■ **Try it**:
The lines from the one containing "ثورة الانكشارية وقتلهم" to the end of the entries, both included, are what you need to transcribe exactly, without pictures and without anything else.

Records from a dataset
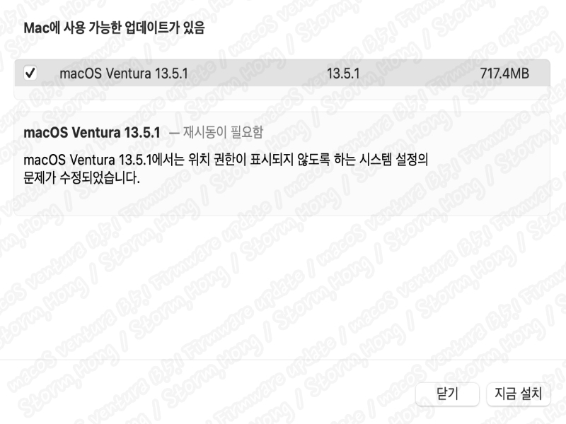 * macOS Ventura 13.5.1 업데이트는 위치 서비스 버그 수정이 있어 진행된 업데이트로 알려졌습니다.
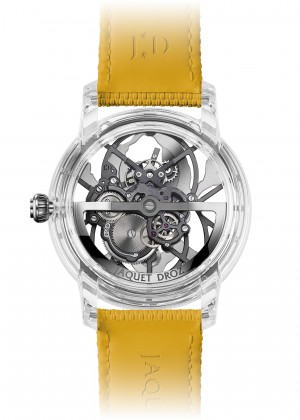 | 机芯 | Jaquet Droz 2625SQ,自动上链镂空陀飞轮机芯,黑色工艺处理,硅游丝和擒纵叉瓦,钛金属陀飞轮框架,单发条盒,18K白金摆陀. 摆陀上可进行定制镌刻. |
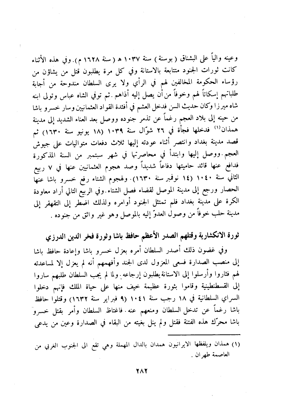 ثورة الانكشارية وقتلهم الصَّدْر الاعظم حَافظ باشا وثورة فَخر الدّين الدرزي
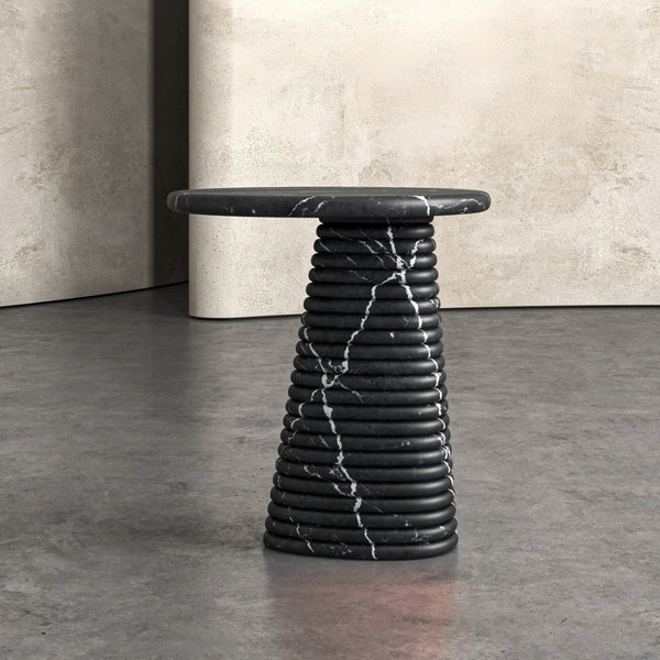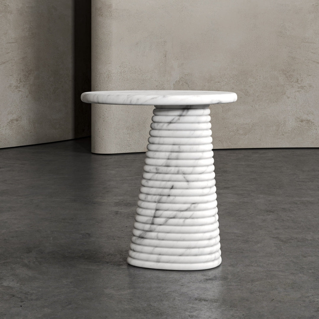 This exquisite designer Italian marble side table is a perfect blend of timeless elegance and expert craftsmanship. Meticulously handcrafted by skilled Indian artisans, the table showcases an impeccable fusion of Italian luxury and traditional Indian precision. The smooth, polished marble top radiates sophistication, while the sturdy base is carefully sculpted to ensure durability and aesthetic appeal. Each detail, from the flawless finish to the intricate design, reflects a commitment to quality and artistry. This piece not only serves as a functional table but also elevates the luxury and refinement of any room it graces, adding a touch of opulence to your home décor.
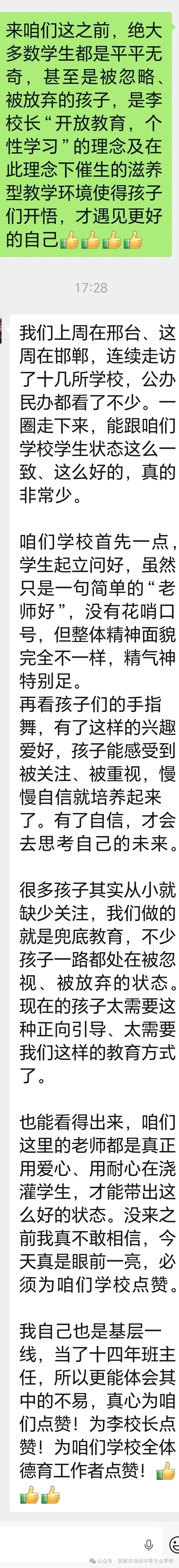 而近日,省教育厅领导在连续走访邢台、邯郸两地十余所公办、民办院校后,主动为邯郸市领创中等专业学校写下百字点赞评语,这份跨越行政身份的真诚认可,在快节奏、重效率的当下显得尤为珍贵。

■ **Task result**:
 ثورة الانكشارية وقتلهم الصَّدْر الاعظم حَافظ باشا وثورة فَخر الدّين الدرزي
 This exquisite designer Italian marble side table is a perfect blend of timeless elegance and expert craftsmanship. Meticulously handcrafted by skilled Indian artisans, the table showcases an impeccable fusion of Italian luxury and traditional Indian precision. The smooth, polished marble top radiates sophistication, while the sturdy base is carefully sculpted to ensure durability and aesthetic appeal. Each detail, from the flawless finish to the intricate design, reflects a commitment to quality and artistry. This piece not only serves as a functional table but also elevates the luxury and refinement of any room it graces, adding a touch of opulence to your home décor.
 而近日,省教育厅领导在连续走访邢台、邯郸两地十余所公办、民办院校后,主动为邯郸市领创中等专业学校写下百字点赞评语,这份跨越行政身份的真诚认可,在快节奏、重效率的当下显得尤为珍贵。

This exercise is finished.